2025-02-23 19:39:53 +08:00 · 2004-11-09 00:34:46 +00:00 · 2004-11-09 00:34:46 +00:00 · 547bb4a7f2
commit 547bb4a7f2
parent e4387116da
3 changed files with 90 additions and 71 deletions
--- a/src/backend/optimizer/path/clausesel.c
+++ b/src/backend/optimizer/path/clausesel.c
@ -8,7 +8,7 @@
 *
 *
 * IDENTIFICATION
- *	  $PostgreSQL: pgsql/src/backend/optimizer/path/clausesel.c,v 1.70 2004/08/29 05:06:43 momjian Exp $
+ *	  $PostgreSQL: pgsql/src/backend/optimizer/path/clausesel.c,v 1.71 2004/11/09 00:34:38 tgl Exp $
 *
 *-------------------------------------------------------------------------
 */
@ -80,9 +80,10 @@ static void addRangeClause(RangeQueryClause **rqlist, Node *clause,
 * interpreting it as a value.	Then the available range is 1-losel to hisel.
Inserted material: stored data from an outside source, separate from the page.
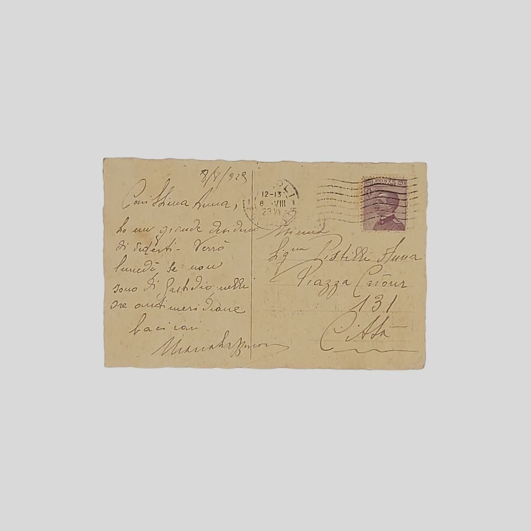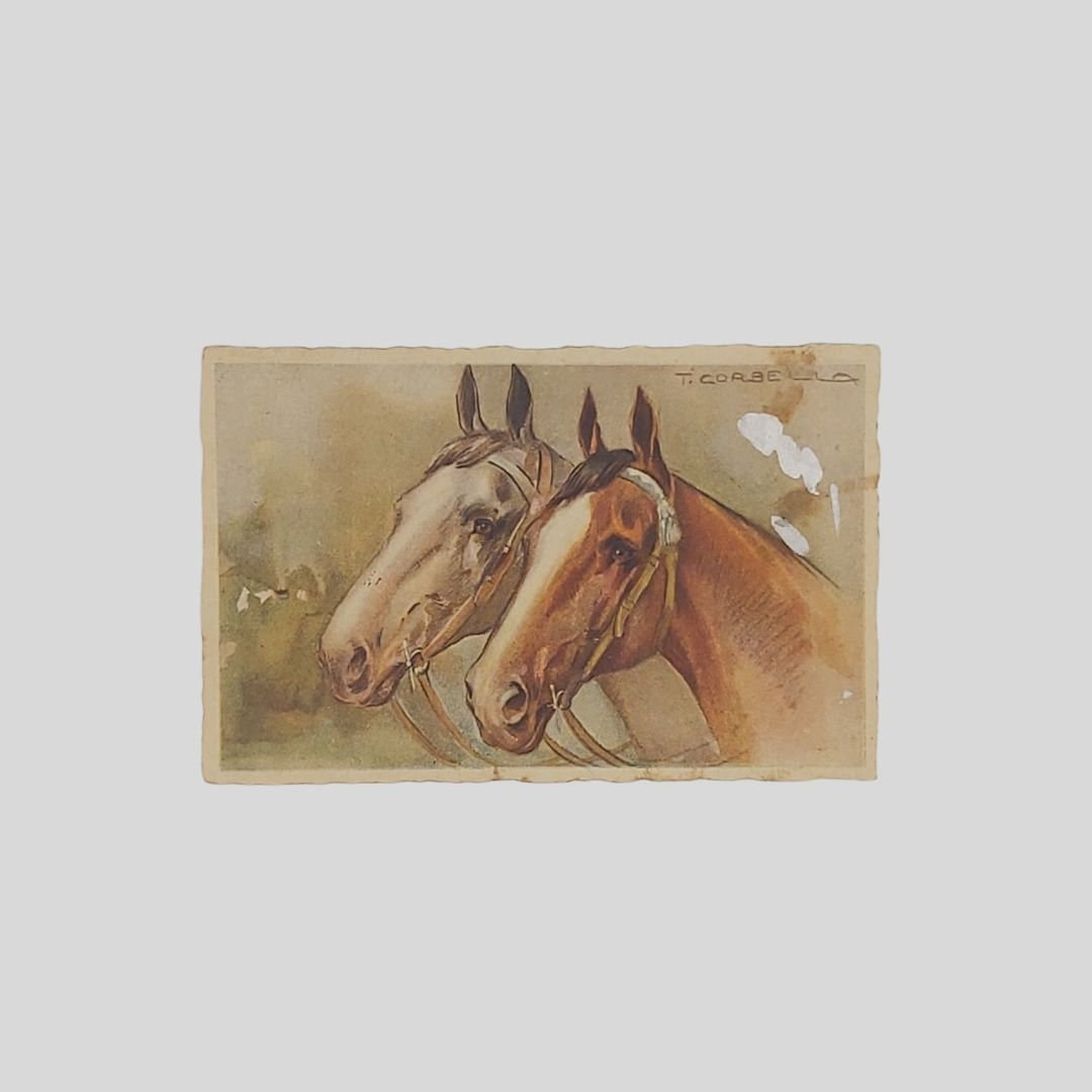 Cavalli. Cartolina d’epoca , bordi ondulati. Viaggiata, invio del 8/8/1929, cm 14×9. Francobollo, timbro. Tracce d’uso, residui di “bianchetto” al recto.
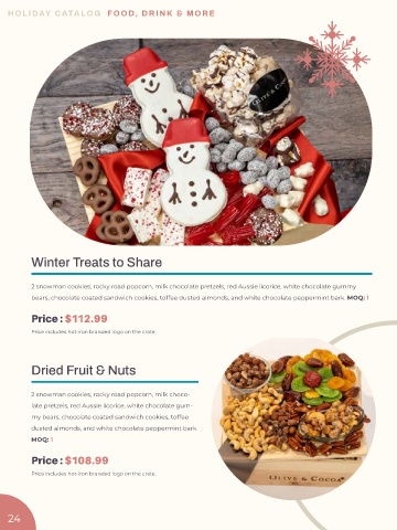 bears, chocolate coated sandwich cookies, toffee dusted almonds, and white chocolate peppermint bark. MOQ: 1
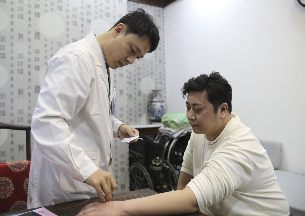 2月25日,中医专家郝鹏(左)在位于北京前门大栅栏商业区的同仁堂医馆为患者针灸。新华社记者 朱唯希 摄
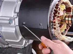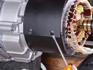 Используйте плоскую отвертку, чтобы поддеть язычки, фиксирующие крышку статора.
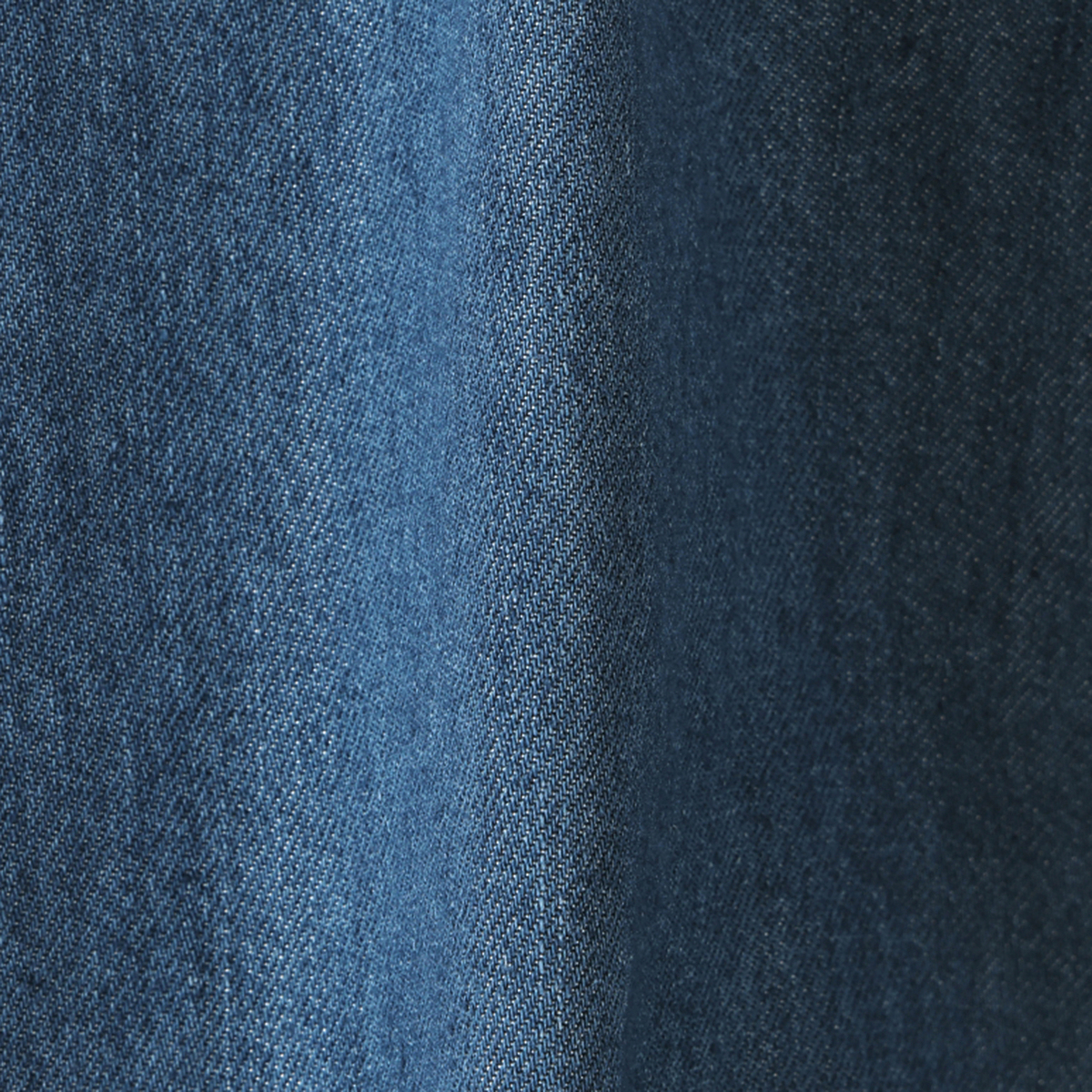 落ち感のいい柔らかいデニム生地で、太目のスラブも入っている本格デニムです。製品でバイオウォッシュしているため、洗いならではの表情が特徴です。ピリング試験4級の毛玉になりにくい生地を使い、ご家庭で洗濯可能です

 * However, this calculation double-excludes nulls, so really we need
 * hisel + losel + null_frac - 1.)
- * If the calculation yields zero or negative, however, we chicken out and
- * use a default estimate; that probably means that one or both
- * selectivities is a default estimate rather than an actual range value.
+ *
+ * If either selectivity is exactly DEFAULT_INEQ_SEL, we forget this equation
+ * and instead use DEFAULT_RANGE_INEQ_SEL.  The same applies if the equation
+ * yields an impossible (negative) result.
 *
 * A free side-effect is that we can recognize redundant inequalities such
 * as "x < 4 AND x < 5"; only the tighter constraint will be counted.
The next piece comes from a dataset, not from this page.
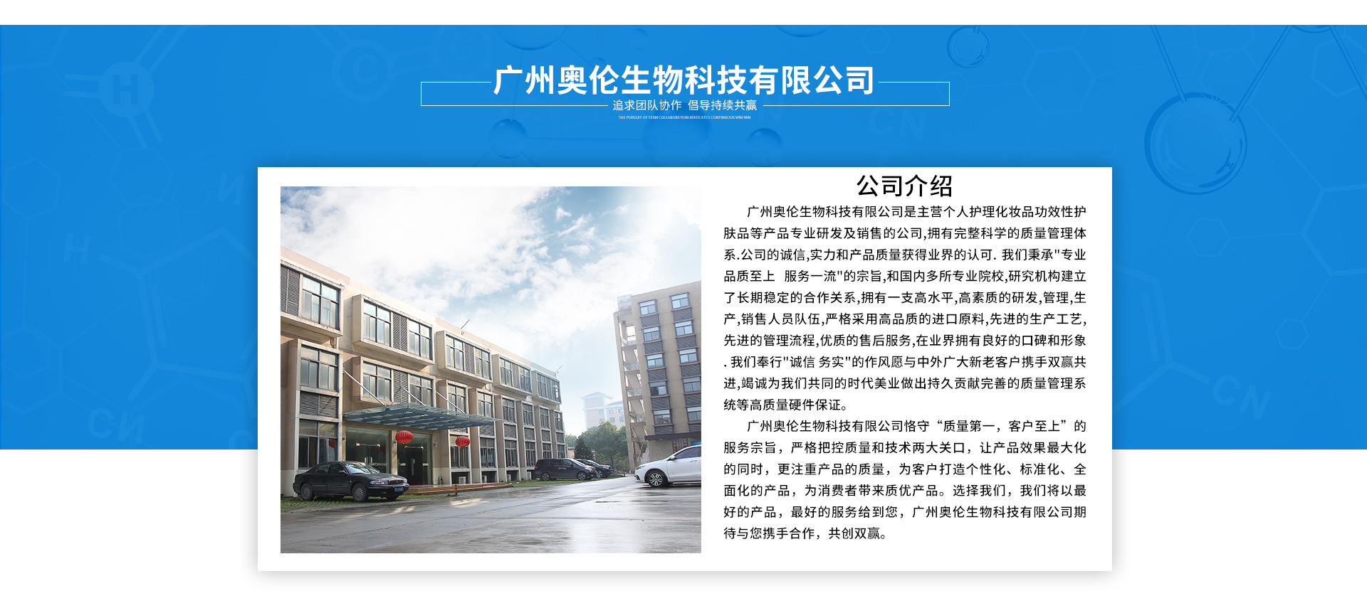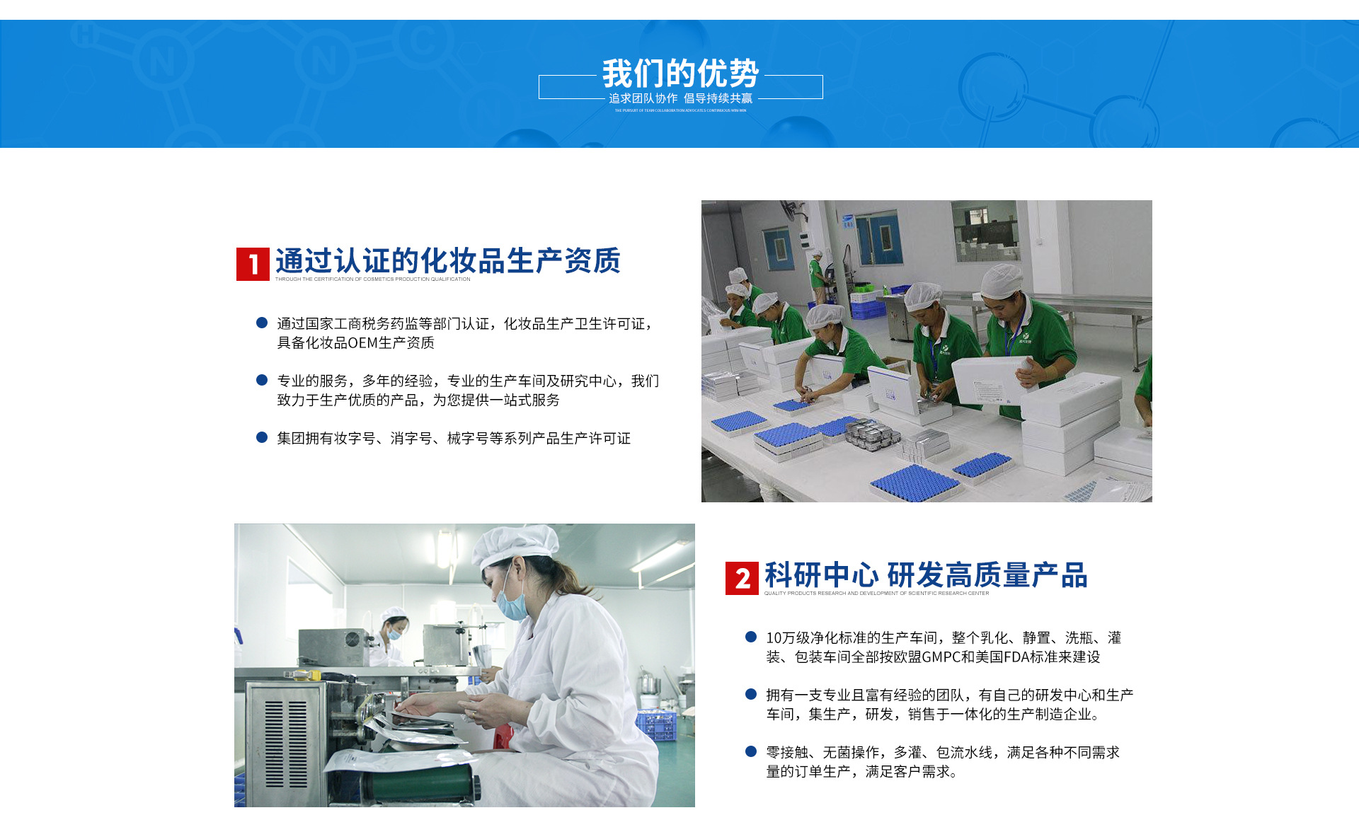 本公司是主營個人護理化妝品功效性護膚品等產(chǎn)品專業(yè)研發(fā)及銷售的公司,擁有完整科學(xué)的質(zhì)量管理體系.公司的誠信,實力和產(chǎn)品質(zhì)量獲得業(yè)界的認(rèn)可. 我們秉承"專業(yè) 品質(zhì)至上 服務(wù)一流"的宗旨,和國內(nèi)多所專業(yè)院校,研究機構(gòu)建立了長期穩(wěn)定的合作關(guān)系,擁有一支高水平,高素質(zhì)的研發(fā),管理,生產(chǎn),銷售人員隊伍,嚴(yán)格采用高品質(zhì)的進口原料,先進的生產(chǎn)工藝,先進的管理流程,優(yōu)質(zhì)的售后服務(wù),在業(yè)界擁有良好的口碑和形象. 我們奉行"誠信 務(wù)實"的作風(fēng)愿與中外廣大新老客戶攜手雙贏共進,竭誠為我們共同的時代美業(yè)做出持久貢獻

@ -194,37 +195,51 @@ clauselist_selectivity(Query *root,
 		if (rqlist->have_lobound && rqlist->have_hibound)
 		{
 			/* Successfully matched a pair of range clauses */
-			Selectivity s2 = rqlist->hibound + rqlist->lobound - 1.0;
-
-			/* Adjust for double-exclusion of NULLs */
-			s2 += nulltestsel(root, IS_NULL, rqlist->var, varRelid);
+			Selectivity s2;

 			/*
-			 * A zero or slightly negative s2 should be converted into a
-			 * small positive value; we probably are dealing with a very
-			 * tight range and got a bogus result due to roundoff errors.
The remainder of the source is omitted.